Pada episode “Top Stories” ProBox TV hari Senin, analis kemudian mantan pemegang penghargaan juara dunia Timothy Bradley Jr. juga Chris Algieri, yang tersebut keduanya bekerja untuk ESPN di dalam Quebec City, Kanada, juga menyaksikan Mbilli dengan cermat, menimbang prospeknya.

”Apakah beliau orangnya, sejauh, ‘Apakah ia akan menjadi lawan Canelo berikutnya?” Algieri bertanya tentang Mbilli yang digunakan berasal dari Prancis, yang juga berasal dari Kamerun. “Ya, apakah ia orangnya, seperti yang mana dikatakan anak-anak? Tidak, saya mengawasi begitu berbagai kekurangan teknis. Ia bertarung melawan pria berusia 38 tahun dengan satu tangan [setelah cedera pada ronde keempat melawan Derevyanchenko] serta masih kerap terkena pukulan, terkadang terluka pada bagian tubuh, serta ia kelelahan.

“Anda harus melihat, mesin itu tidaklah serupa seperti ketika melawan kompetitor yang digunakan tambahan rendah.”

Dan Mbilli sudah pernah berada di dalam sana dengan sejumlah kompetisi yang tambahan rendah sebelum hari Sabtu. Algieri menyatakan bahwa Mbilli harus memperketat celah-celah yang disebutkan atau dia akan terekspos oleh pribadi juara – apakah itu mantan pemegang sabuk 154 pon Munguia atau juara empat divisi yang mana terkenal di tempat Meksiko dengan rambut merah.
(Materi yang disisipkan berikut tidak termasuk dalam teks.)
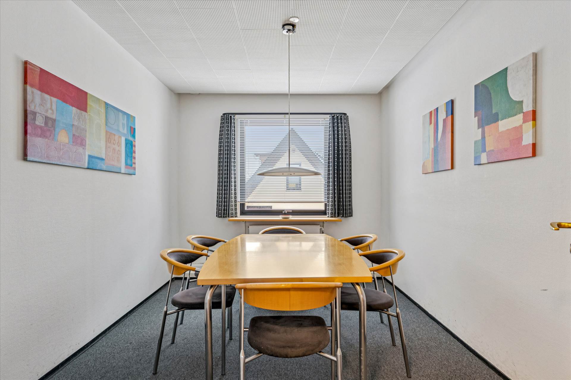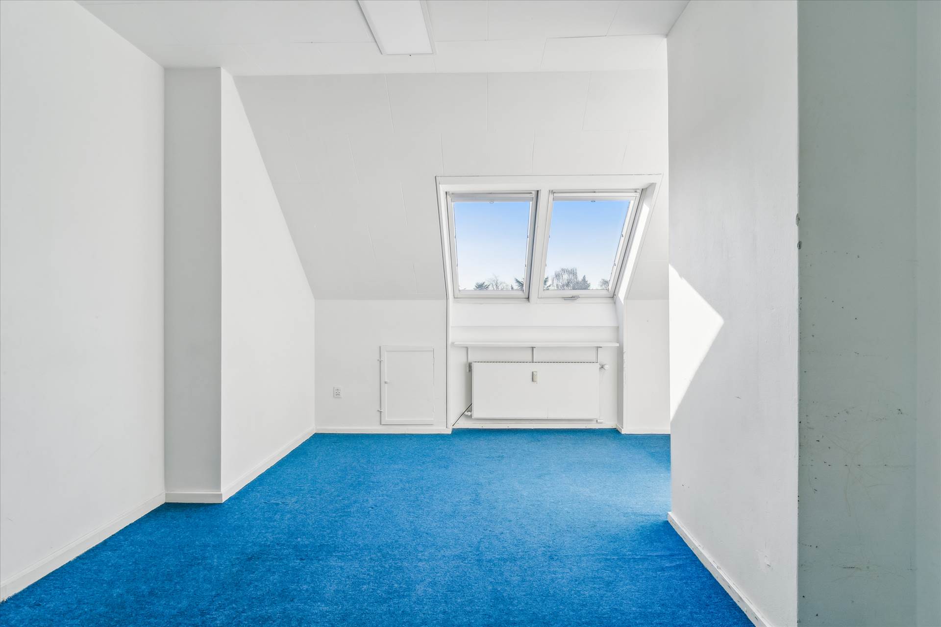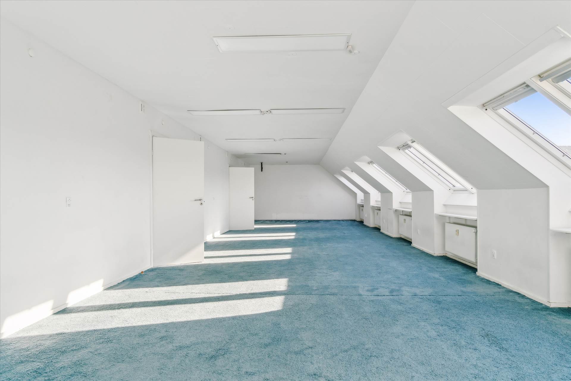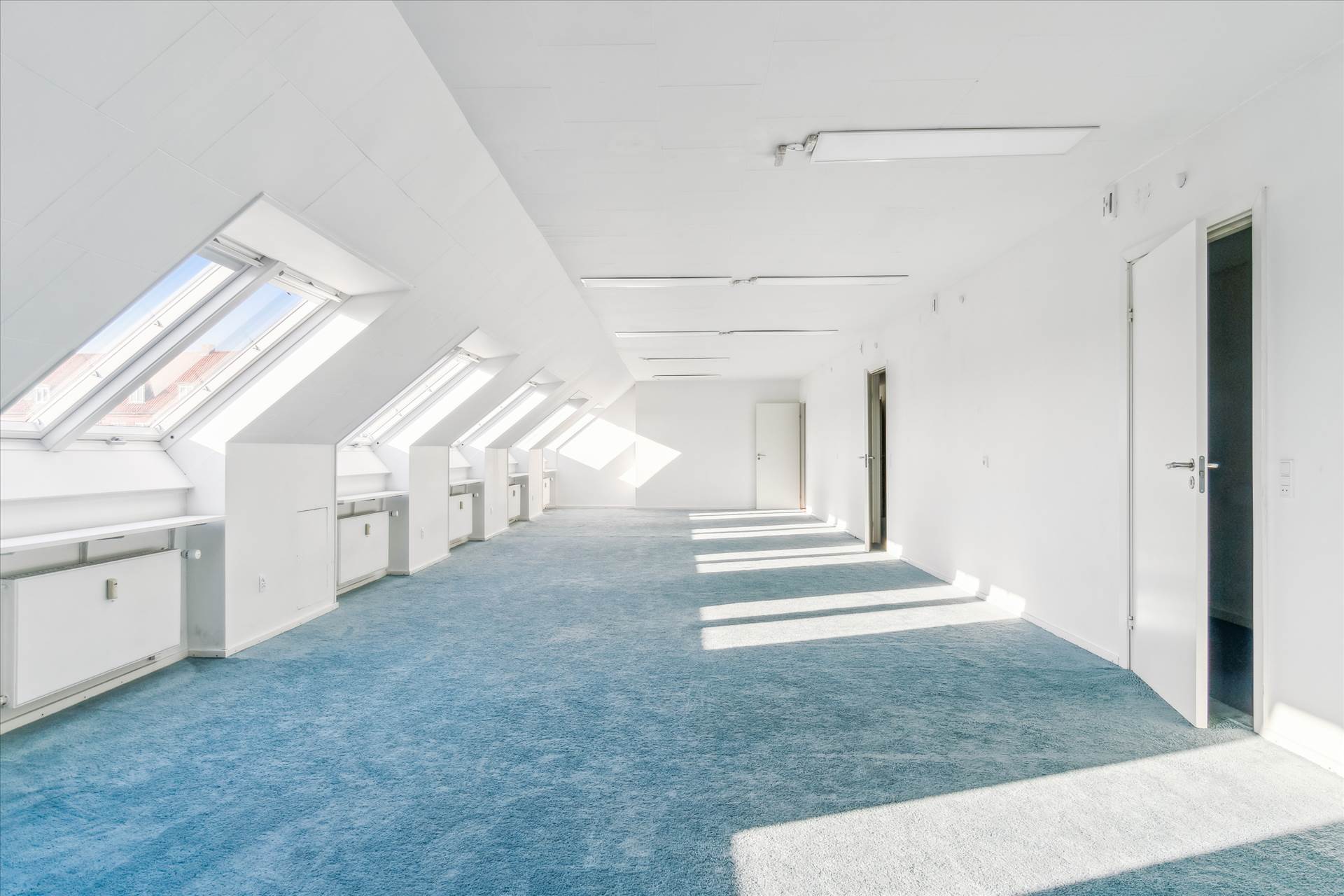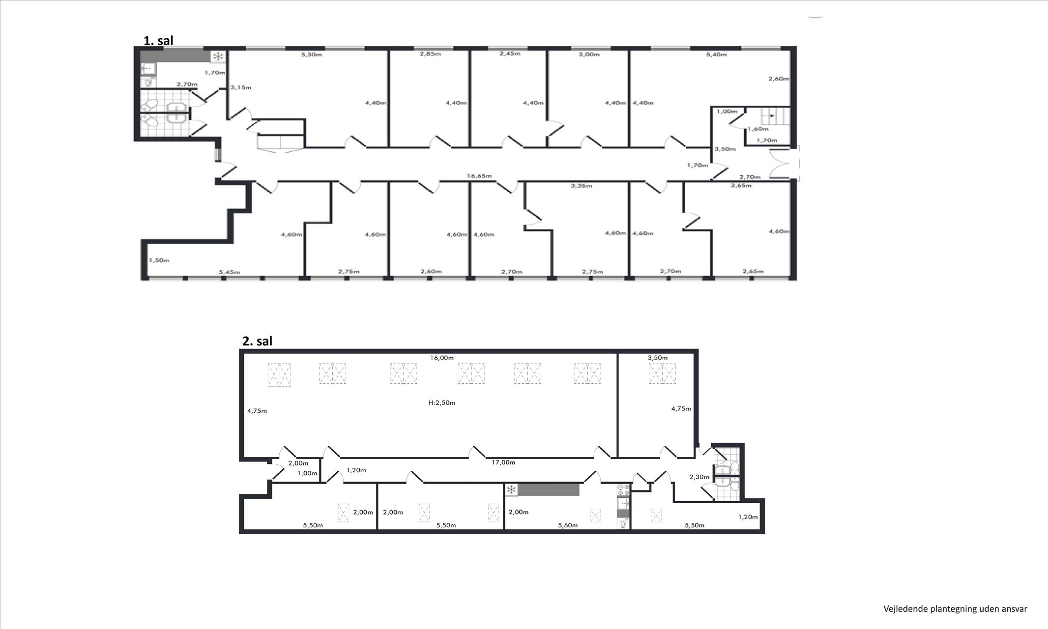 På 2. sal er der fordelingsgang, lyst storrumskontor, yderligere et større kontor/møderum samt 2 mindre møderum, lille lager-/printrum, køkken og to toiletter. Storrumskontoret kan nemt deles op i flere mindre kontorer, hvis der ønskes cellekontorer.

“Pukulannya yang tersebut besar dan juga lebar, gerakannya yang tersebut progresif ke depan, sikap dalam depan lawan, cara membungkuknya, [rentan terhadap] uppercut… ia bersandar pada kaki depannya,” kata Algieri. “Sejauh ia mengambil alih divisi ini, saya tiada melihatnya.”

Bradley menyatakan pada Algieri, “Saya mengamati celah yang dimaksud anda lihat,” namun berdasarkan energi, kekuatan dan juga prospek Mbilli, ia masih ingin meninjau Alvarez-Mbilli.

Saat kita mengawaitu laga Alvarez-Edgar Berlanga yang digunakan kemungkinan besar akan berlangsung satu arah pada tanggal 14 September di tempat Las Vegas, sebuah pertandingan melawan penantang peringkat teratas kelas menengah super WBC ini nampaknya akan lebih lanjut menarik. Dan itulah mengapa Bradley mengakui bahwa ia telah terjadi melakukan “psikologi terbalik” dengan menyatakan di siaran ESPN bahwa Alvarez akan menjauhi Mbilli.

“[Mbilli] akan menjadi lawan yang tersebut tangguh bagi siapapun,” kata Bradley. “Anda dapat menempatkannya di dalam berhadapan dengan ring melawan Canelo serta ia akan sulit. Dia jelas berbahaya. Dia miliki kecepatan tinggi. Dia miliki kekuatan pukulan. Dia dapat menekan Canelo.”

Bradley memprediksi Alvarez akan menang berkat keahliannya pada menyerang balik serta ketenangannya.”Canelo kemungkinan besar akan terlambat menghentikannya,” kata Bradley. “Namun, anak itu layak mendapatkan perebutan gelar, kemudian itu kemungkinan besar akan terjadi.”